Friday, October 26, 2007

409. Bruce Springsteen - Darkness on the Edge of Town (1978)

















Track Listing

1. Badlands
2. Adam Raised A Cain
3. Something In The Night
4. Candy's Room
5. Racing In The Street
6. Promised Land
7. Factory
8. Streets Of Fire
9. Prove It All Night
10. Darkness On The Edge Of Town

Review

Well I don't understand myself, but I have been fucking loving Bruce Springsteen. It really shouldn't be my kind of thing but it is. But then I start seeing parallels to the type of things I like, Adam Raised A Cain sounds like Nick Cave And The Bad Seeds, for example, trust me it does. But I don't really need parallels to anything else to say that Springsteen makes some pretty amazing music.

His previous album on the list, Born To Run, was a huge epic thing, later spoofed by Meat Loaf on Bat Out Of Hell, but it was a quality album. Here Springsteen tones it down a notch and goes to a darker place inside himself, the songs are still beautiful and imbued with an inner strength that is hard to beat, but they are not blindingly flashy like in Born To Run, this is definitely a more intimate affair.

Bruce keeps exploring his lyrical universe of the industrial working class and its desire for escapism, be that escapist by the means of cars or passion, and again cars and girls are pretty much what this is all about, but unlike in Born To Run it all goes to shit here, but no one ever managed to make so many great songs with such lyrical depth about just two, not particularly deep, things. He must really love them.

Track Highlights

1. Candy's Room
2. Badlands
3. Darkness on the Edge of Town
4. Adam Raised a Cain

Final Grade

10/10

Trivia

From Wikipedia:

Darkness on the Edge of Town. Sales were not as high as Born to Run, but the album still did better than was expected. The extroverted optimism which was a hallmark of Born to Run was absent with a vengeance from Darkness on the Edge of Town. With its haunting themes of regret, failure and dashed hopes, many Springsteen aficionados consider this to be his finest album.

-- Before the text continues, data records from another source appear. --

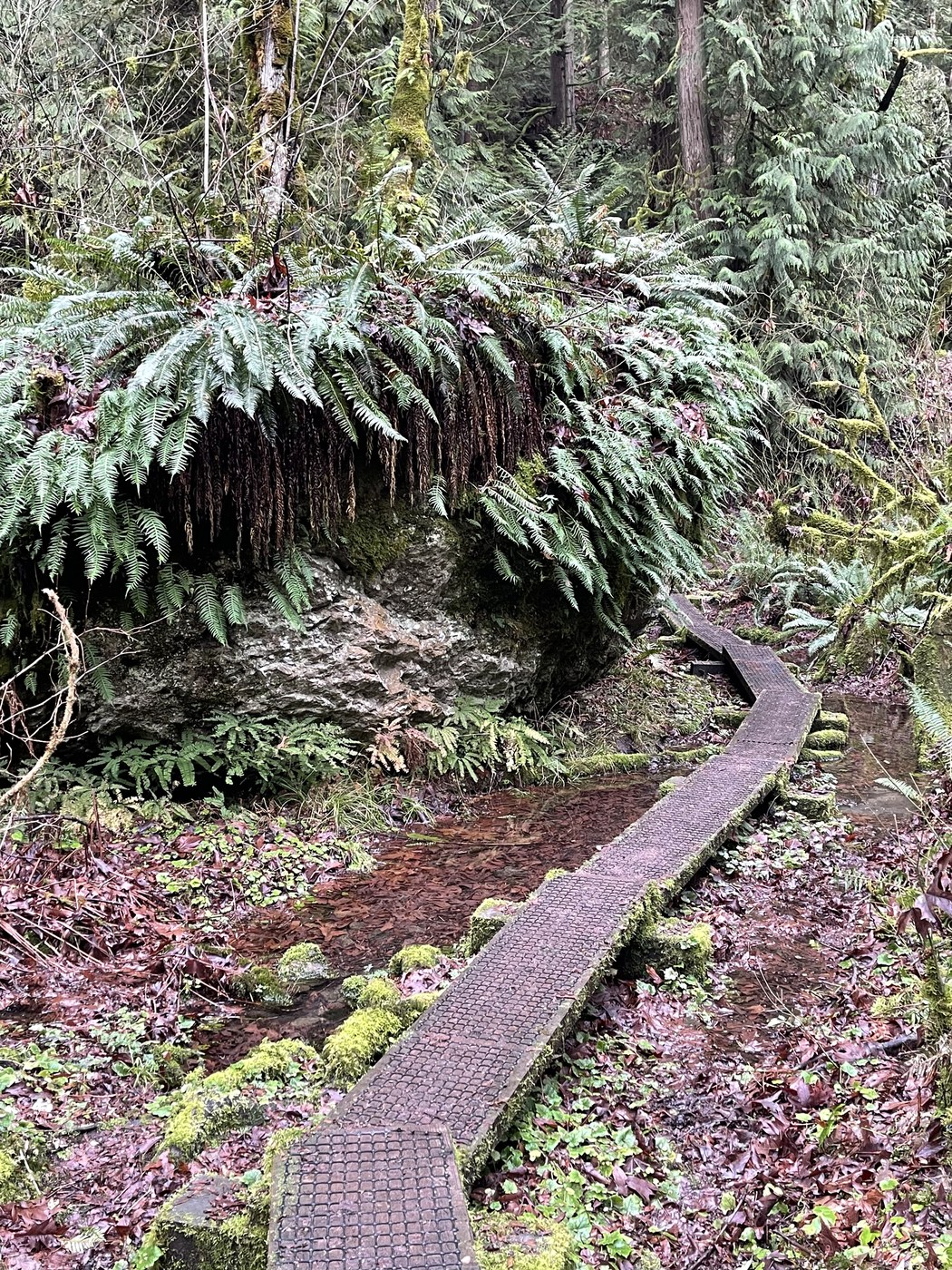 Trail is mostly dry today with very little mud. There are no obstacles, but there are some dramatic reminders of the recent windstorms off the side of the trail in a few places. I only encountered three other hikers today.
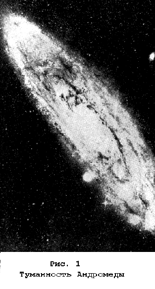 Кант утверждал, что, если бы “светящиеся пятна” представляли собой звезды гиганских размеров, их поверхносная яркость была бы гораздо больше наблюдаемой. Менее чем через 100 лет английский любитель астрономии Уильям Хаггинс сконструировал первый спектроскоп, пригодный для астрономических наблюдений, и использовал его для систематического изучения звезд и туманностей. Он обнаружил, что спиральные туманности, которые Кант отождествлял с далекими звездными системами, имеют, как предсказывал Кант, непрерывный спектр, подобный спектру обычных звезд. Спектры туманностей, которые выглядели как однородные и бесструктурные пятна даже при наблюдении в более мощные телескопы, наоборот, состояли из отдельных узких и ярких линий. Это были истинные туманности - протяженные облака горячего газа. В соответсвии с этим туманности разделяются на внегалактические (туманость Андромеды (рис.1)) и галактические - облака газа и пыли.
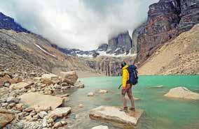n el extremo sur de la Patagonia chilena, las grandes montañas, los lagos cristalinos y los hielos eternos del Parque Nacional Torres Paine no sólo describen uno de los escenarios naturales más impresionantes del continente americano, sino que como uno de los rincones más remotos en el planeta también se han acostumbrado a cautivar la imaginación de los viajeros más aventureros. Ubicado a 80 kilómetros de Puerto Natales –el centro urbano más cercano y casa del Aeropuerto Teniente Julio Gallardo que recibe vuelos diarios desde Santiago–, el Parque, que reúne algunas de las rutas de senderismo más escénicas de Sudamérica, se despliega como la entrada a otro mundo: uno nuevo, en donde nosotros somos los primeros asistentes a la dramática puesta en escena de un planeta en libertad.
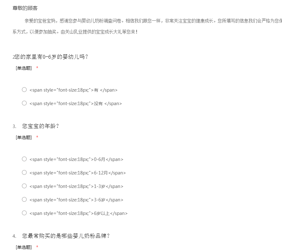 尊敬的朋友,我们正在进行一项关于婴幼儿奶粉的市场调查的问卷,此卷属于不记名填写,所涉及相关个人信息仅作为个人统计所用。非常感谢您的热心参与此项调查。
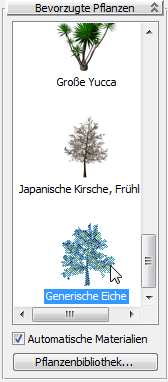 - Wählen Sie im Rollout "Bevorzugte Pflanzen" die Option "Generische Eiche" als Baumart.
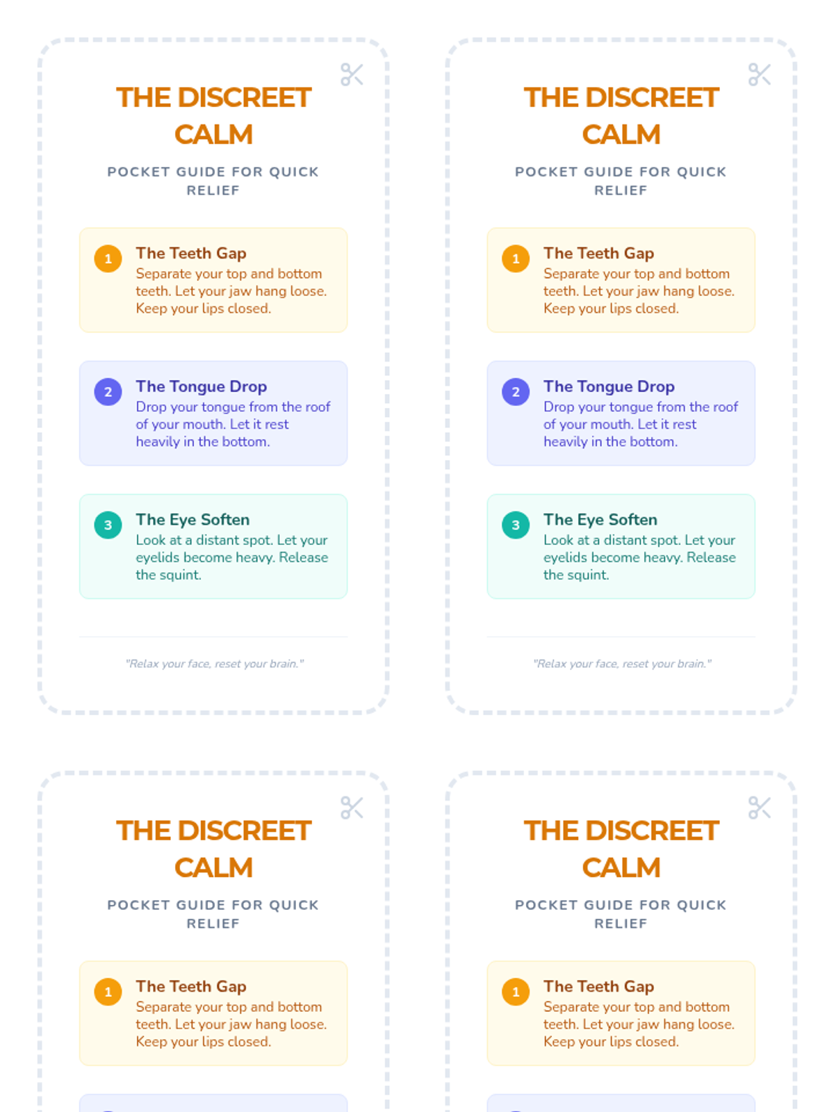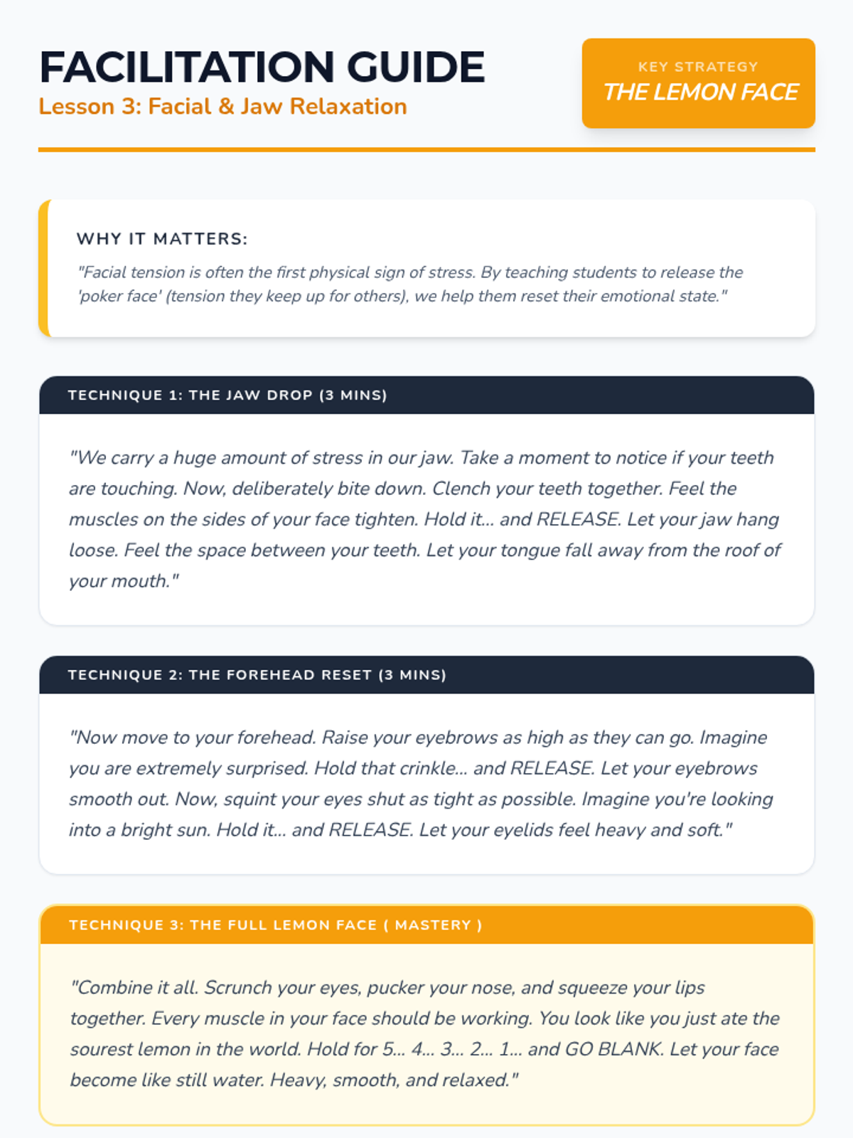 Students address facial and jaw tension, learning discreet techniques to manage stress-related headaches and mood.
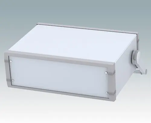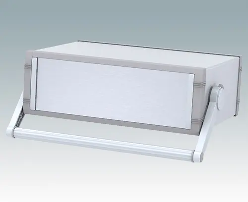 Boitier moderne en aluminium avec poignée étrier utilisable pour les applications de table et portables. Chassis interne pré-assemblé avec quatre guides-cartes encliquetables. Quatre positions de guide standard – sur demande, des perçages supplémentaires. Des cadres frontaux et arrières élégants qui s’asaptent au boîtier. Plaque arrière amovible et quatre pieds anti-glissants et autoadhésifs inclus. Kit de plaque avant en accessoire.
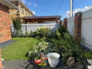 Участок 4 сотки, правильной формы. На участке газон, растут плодовые кустарники и деревья, баня, хоз.блок, теплица, машиноместо под навесом.
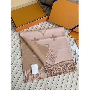 高级感双面羊绒大牌围巾女字母老花黑灰淡奶茶围脖大红保暖披肩冬
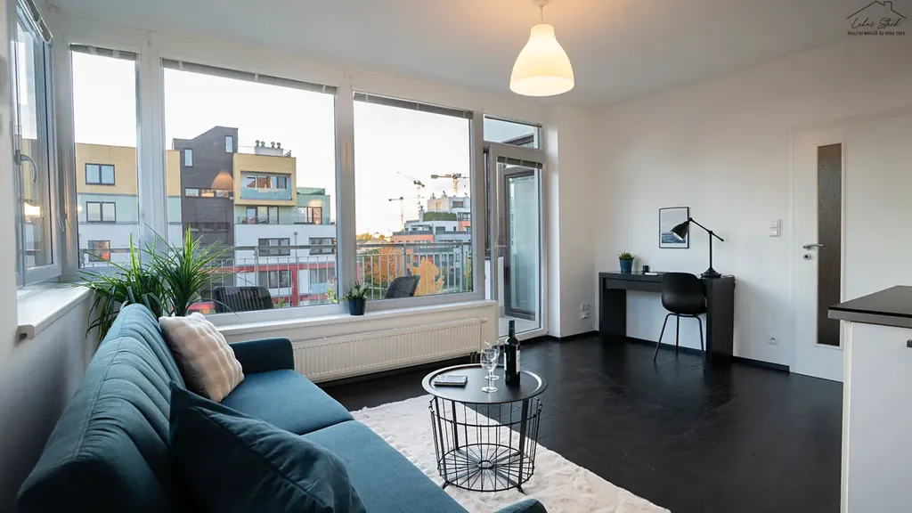 Masivní kuchyňská linka vyrobena míru s praktickým ostrůvkem, vybavená spotřebiči AEG, je navržena tak, aby vám při vaření nic nechybělo. Na velkém stole se pohodlně sejde celá rodina a u pohovky se večer schoulíte s knihou nebo si pustíte televizi. Velká okna pouští dovnitř dostatek světla a když je otevřete, vyjdete na balkon orientovaný na jihozápad. Tenhle směr znamená jediné – dlouhé slunečné odpoledne a večery, kdy tu sedíte s kávou nebo sklenkou vína a koukáte do otevřeného prostoru.

In terms of the original LP's sequencing, Springsteen continued his "four corners" approach from Born to Run, as the songs beginning each side ("Badlands" and "The Promised Land") were martial rallying cries to overcome circumstances, while the songs ending each side ("Racing in the Street", "Darkness on the Edge of Town") were sad dirges of circumstances overcoming all hope.


Candy's Room:

2 comments:

Matthew said...

I know what you mean. I'm the guy who posted on your Born to Run review. The more of his stuff I hear, the more compelled I am to dive further into his discography. I'll probably grab this and his new album later this week.

Born in the USA must just be some godawful fluke. Is it on the list?

Francisco Silva said...

Born In the USA is indeed on the list! Looking forward to the lovely mid-80's.